ミスティ「あなたとのデュエルはお預けのようね。」
氷室「十六夜!逃げろ!!」
矢薙「氷室ちゃん。早く逃げなきゃここも危ないよ!」
氷室「ちっ。くそっ…」
龍可「そんな、アキさん!」
氷室さんに抱えられたまま、私達はビルの外へ脱出した。
~崩壊アルカディアムーブメント・出入口~
デュエルが終了したことで地縛神が消滅したからか、ビルの崩壊は緩やかになり、私達は無事に外に出ることに成功した。
龍可「アキさん…」
そこへDホイールに乗ったジャックが駆けつける
氷室「ジャック!」
ジャック「何があった?」
氷室「わからん。ダークシグナーと十六夜アキが戦って…」
ジャック「やはりダークシグナー…」
龍可「お願いジャック!アキさんがまだ中にいるの。助けてあげて!」
ジャック「なんだと!?」
私の言葉を聞いたジャックは氷室さんの制止も聞かず、すぐさまビルの中に飛び込んでいってくれた。やっぱりジャックは優しくてとても頼りになる。
氷室「ここもすぐに崩壊する。離れたところでジャックを待とう。」
矢薙「わかったよ。氷室ちゃん。」
私達はビルの崩壊に巻き込まれないよう、少し離れたところへ行き、ジャックがアキさんを救助するのを待つことにした…
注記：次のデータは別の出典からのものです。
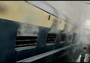 पटरी पर खड़ी रेल में आग लगी, तूफान के बाद रेलवे संचालन-सुविधा बहाल करने जुटी
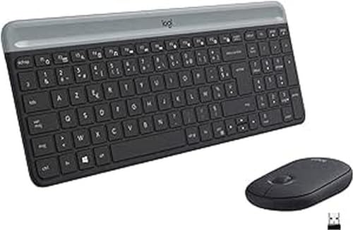 Logitech - لوحة مفاتيح نحيفة وماوس لاسلكي من لوجيتيك MK470 بتصميم فرنسي، ازيرتي- اسود

程なくして、ジャックはアキさんを抱え崩壊するビルから脱出してきた。
ジャックはそのままアキさんを病院へ連れていくといい、私達に何処の病院かを教え、即座にその場を去る。
氷室さんと矢薙のおじいちゃんは、雑賀さんのアジトヘ戻ることに。私と龍亞は一度家へ戻りDボードを手に、アキさんが運ばれた病院へと駆けつけた。
龍亞&龍可「ジャック!」
ジャック「お前達か。」
龍亞「アキ姉ちゃんは?」
ジャック「命に別状はないらしい。だが意識が戻らん。恐らくは精神的なものだろう。」
龍可「アキさん…」
私達はガラス張りの広い治療室で寝ているアキさんを見ることしか出来なかった。